There are many more places to visit, with much to do in each of them, too. There are more companions with personal agendas joining you on the way. There are also more things to do which in no way connect to your main mission, which this time requires you to get a Garden of Eden Creation Kit to save your dying village.
The thing is that once you step into, say, New Reno you might spend that time pursuing a boxing career, or becoming a star in adult movies, with a cheesy name you pick yourself. You can roll around the wasteland in your atom-fueled cruiser in search of easter eggs (the developers had a clear love for Monty Python and Douglas Adams), seek a religious awakening, run caravans, and much more.
Fallout 2 to this day remains one of the least mission-obsessed narrative-heavy roleplaying games, and it’s one of the coolest, and maybe also cheesiest, sandbox story-based RPGs. The development could focus on creating the world partially because the system was completely unchanged from Fallout 1, so nobody had to reinvent the wheel, which tends to be the case with every new Bethesda game.
Bonus entry 1: Fallout Pinball
Release date: | 2016 |
Developer: | Zen Studios |
Focus: | It’s pinball |
Apparently there are a Fallout boards for Zen Pinball 2, Pinball FX 2 and Pinball FX 3, if these names tell you anything.
There isn’t really much to tell about them, but if you loved Space Cadet on Windows XP and want some of that sweet retro-futuristic overlay for a pinball game, you may want to check them out.
Bonus entry 2: Fallout Shelter
Release date: | 2015 |
Developer: | Bethesda Game Studios, Behaviour Interactive |
Focus: | Managing a Vault |
Placing Fallout Shelter among the big guys would have been unfair to everyone involved. FS is a sweet, charming management game kept in the same aesthetic as the iconic, cartoonish Vault Boy character.
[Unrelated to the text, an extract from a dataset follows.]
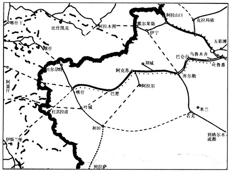 ? 下图是喀什所在地区规划中、建设中和已建成的部分交通线图。虚线表示规划中的交通线,实线表示建设中和已建成的交通线。有人形容说,俯瞰新疆交通图,可以看到一条西延至阿拉山口出国境的铁路和一条起于吐鲁番向西南蜿蜒至喀什的钢铁大动脉,在160万平方千米的新疆大地上画出了一个曲折的“人”字。2010年11月6日喀和铁路(喀什至和田)全线铺通。

Your task is to create a functional vault of your own inside a mountain. This involves actually building and improving various rooms (like power generators or living quarters), sending your dwellers on expeditions in search of resources, and defending your vault against raiders and monsters.
Originally designed as a mobile game it quickly found its way to bigger platforms. It’s one of the games that require a bit of babysitting, because expeditions are played out in real time, so it’s not necessarily something you could leave alone for half a year. But in short bursts it’s quite fun to see the ant-farm view of a vault and cartoonish characters scuttling about their business.
Ending slides
This concludes our subjective ranking of Fallout games based on their general roleplaying qualities, general production quality, and subjective entertainment factor. Hopefully you will find this useful and informative in choosing the next Fallout game to play.